[Exercise inputs]

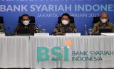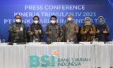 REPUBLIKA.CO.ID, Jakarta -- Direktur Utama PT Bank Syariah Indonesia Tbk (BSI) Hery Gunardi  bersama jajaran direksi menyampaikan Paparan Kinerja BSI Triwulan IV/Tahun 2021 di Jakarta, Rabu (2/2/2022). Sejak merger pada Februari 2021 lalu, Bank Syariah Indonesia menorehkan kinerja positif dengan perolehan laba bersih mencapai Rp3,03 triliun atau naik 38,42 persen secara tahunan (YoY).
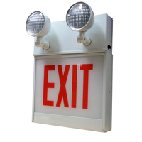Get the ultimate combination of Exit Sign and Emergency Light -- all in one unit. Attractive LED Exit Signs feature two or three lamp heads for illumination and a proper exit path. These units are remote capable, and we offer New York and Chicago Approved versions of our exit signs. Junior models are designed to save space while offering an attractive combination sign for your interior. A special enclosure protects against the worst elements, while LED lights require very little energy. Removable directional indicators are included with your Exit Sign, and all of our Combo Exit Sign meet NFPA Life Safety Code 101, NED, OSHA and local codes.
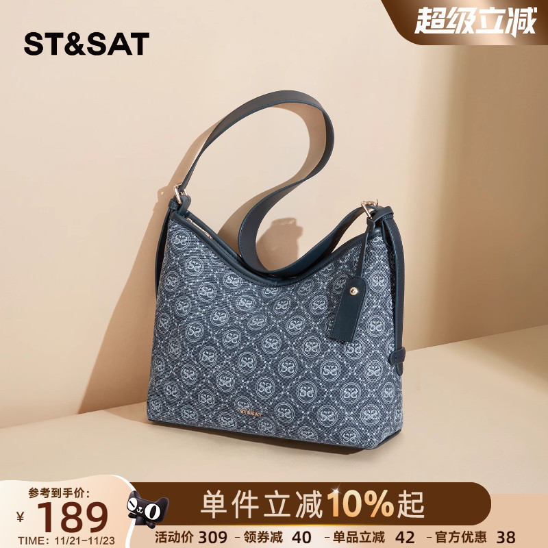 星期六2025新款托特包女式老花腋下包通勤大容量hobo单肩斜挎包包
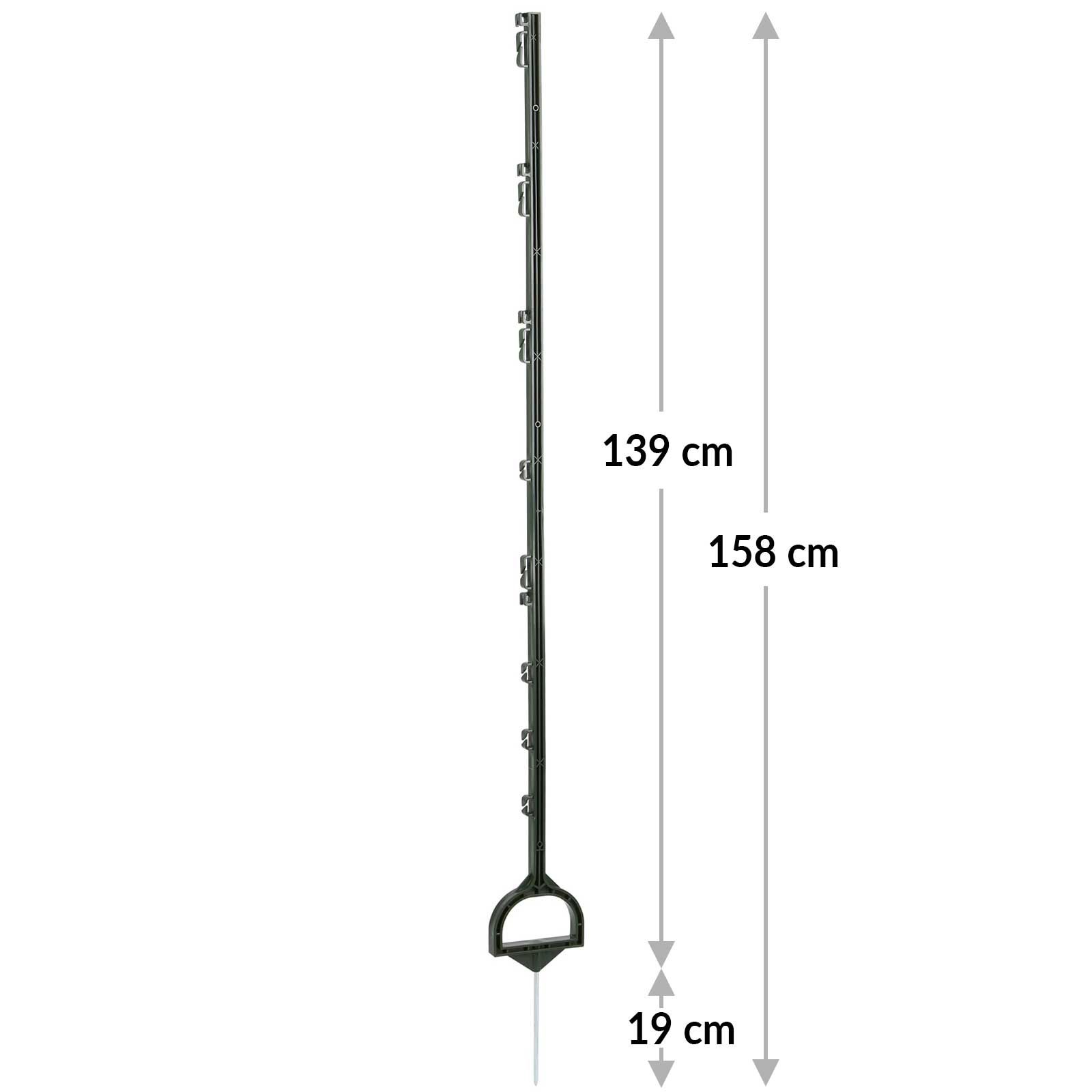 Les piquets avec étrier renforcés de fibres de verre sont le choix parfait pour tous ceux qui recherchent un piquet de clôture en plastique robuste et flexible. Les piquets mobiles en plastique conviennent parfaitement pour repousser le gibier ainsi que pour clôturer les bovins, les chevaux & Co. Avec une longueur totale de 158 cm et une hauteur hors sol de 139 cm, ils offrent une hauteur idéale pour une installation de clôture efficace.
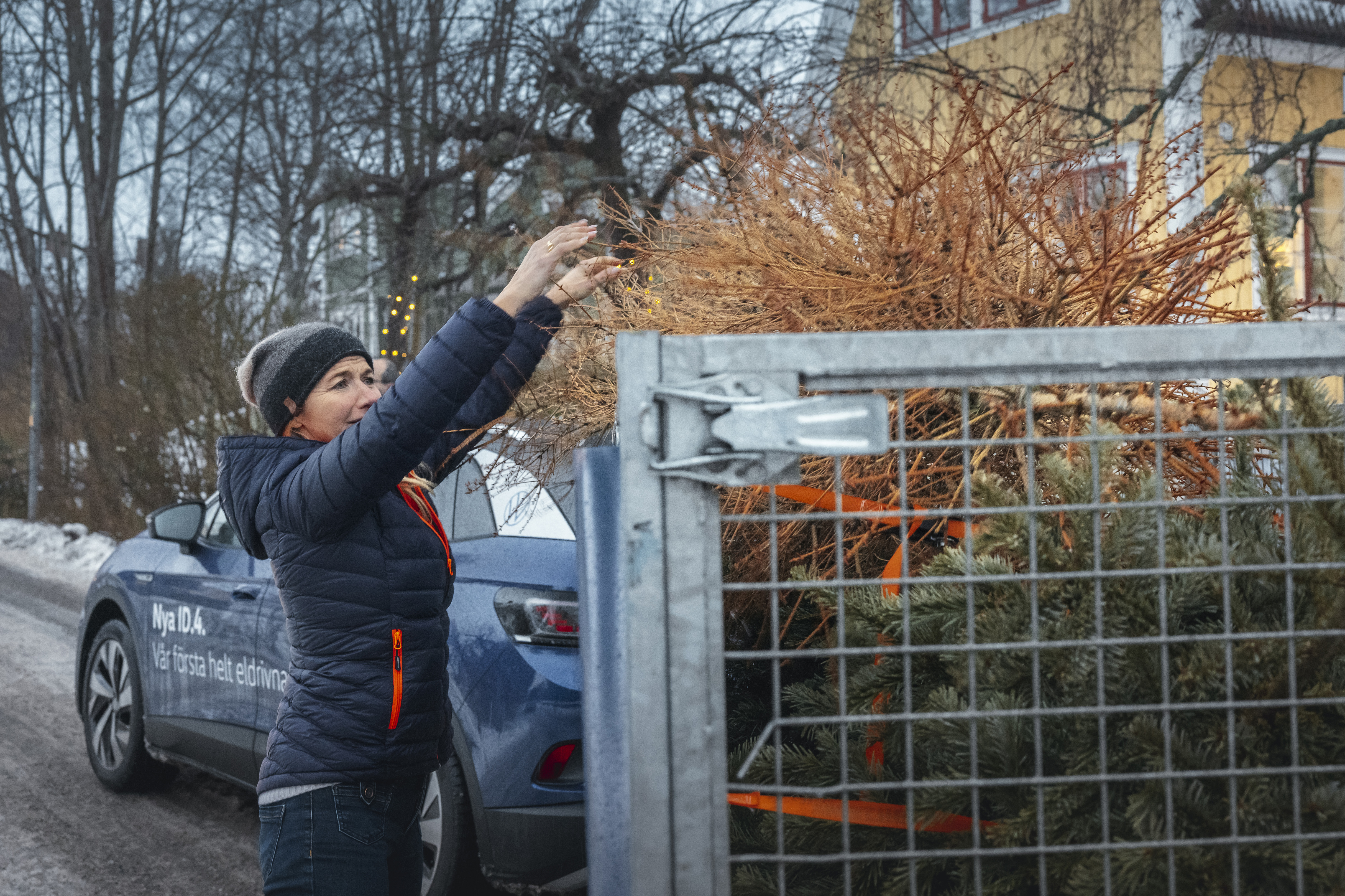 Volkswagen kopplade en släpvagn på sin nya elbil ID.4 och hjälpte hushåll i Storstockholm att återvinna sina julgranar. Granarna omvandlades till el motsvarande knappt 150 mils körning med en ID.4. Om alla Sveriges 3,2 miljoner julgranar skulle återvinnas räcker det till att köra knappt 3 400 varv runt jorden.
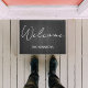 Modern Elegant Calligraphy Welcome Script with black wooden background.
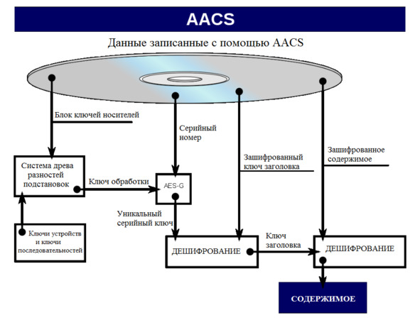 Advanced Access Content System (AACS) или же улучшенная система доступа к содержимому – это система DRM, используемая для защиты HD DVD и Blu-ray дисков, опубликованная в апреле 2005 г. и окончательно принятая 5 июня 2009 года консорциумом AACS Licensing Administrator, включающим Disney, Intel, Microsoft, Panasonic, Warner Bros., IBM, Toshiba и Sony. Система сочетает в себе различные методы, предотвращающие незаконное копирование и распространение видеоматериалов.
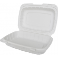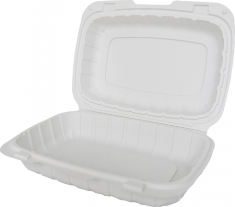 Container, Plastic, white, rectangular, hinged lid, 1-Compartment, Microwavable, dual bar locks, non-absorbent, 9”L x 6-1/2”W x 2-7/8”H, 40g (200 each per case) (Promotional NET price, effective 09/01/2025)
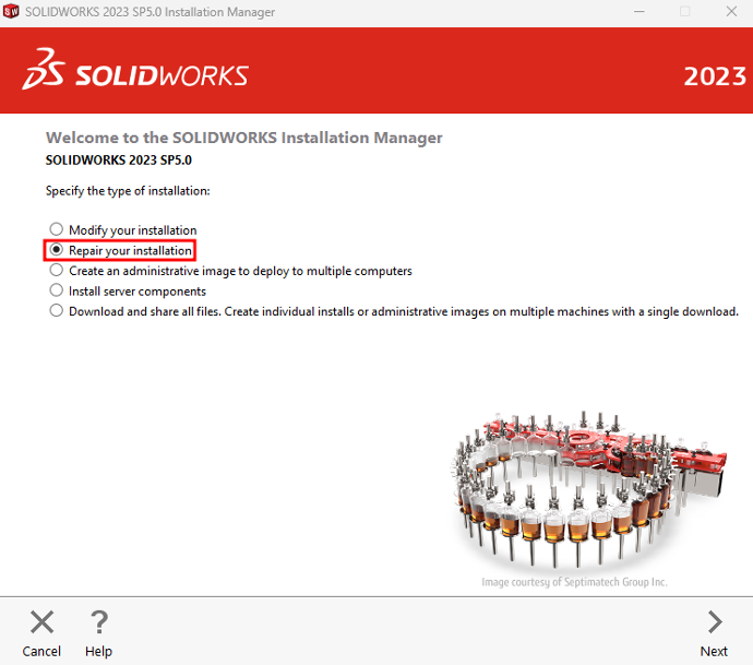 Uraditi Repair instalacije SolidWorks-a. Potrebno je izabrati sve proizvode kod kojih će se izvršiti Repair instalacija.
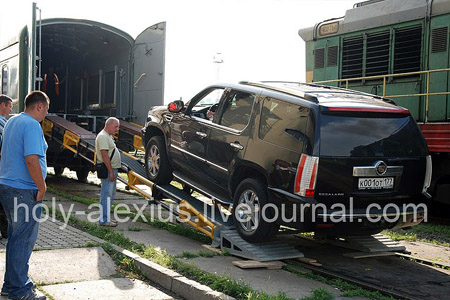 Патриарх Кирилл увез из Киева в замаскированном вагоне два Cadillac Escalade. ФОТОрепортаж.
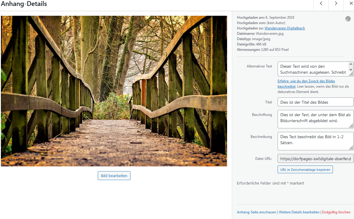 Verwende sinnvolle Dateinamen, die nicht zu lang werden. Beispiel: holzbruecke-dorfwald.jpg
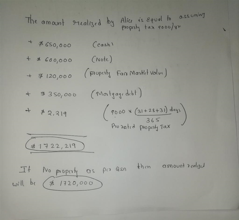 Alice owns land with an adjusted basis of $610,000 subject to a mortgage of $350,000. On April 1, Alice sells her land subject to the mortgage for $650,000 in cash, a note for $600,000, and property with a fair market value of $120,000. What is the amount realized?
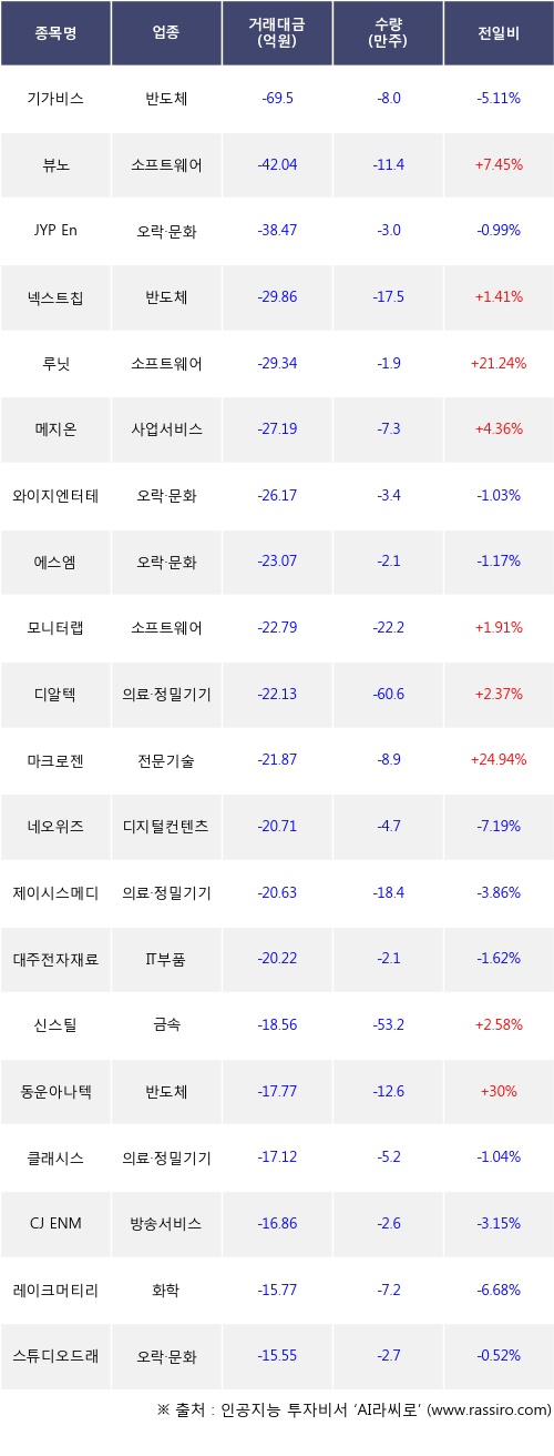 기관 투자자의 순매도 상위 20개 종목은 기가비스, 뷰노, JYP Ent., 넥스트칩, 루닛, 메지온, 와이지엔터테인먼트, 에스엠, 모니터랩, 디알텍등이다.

[/Exercise inputs]

Problem requirements — Please set down, exactly and with no pictures, the lines in the entries above starting at the one holding "Get the ultimate" and ending at the one holding "星期六2025新款托特包女式老花腋下包通勤大容量hobo单肩斜挎包包", ends included.

Result for this exercise —
Get the ultimate combination of Exit Sign and Emergency Light -- all in one unit. Attractive LED Exit Signs feature two or three lamp heads for illumination and a proper exit path. These units are remote capable, and we offer New York and Chicago Approved versions of our exit signs. Junior models are designed to save space while offering an attractive combination sign for your interior. A special enclosure protects against the worst elements, while LED lights require very little energy. Removable directional indicators are included with your Exit Sign, and all of our Combo Exit Sign meet NFPA Life Safety Code 101, NED, OSHA and local codes.
 星期六2025新款托特包女式老花腋下包通勤大容量hobo单肩斜挎包包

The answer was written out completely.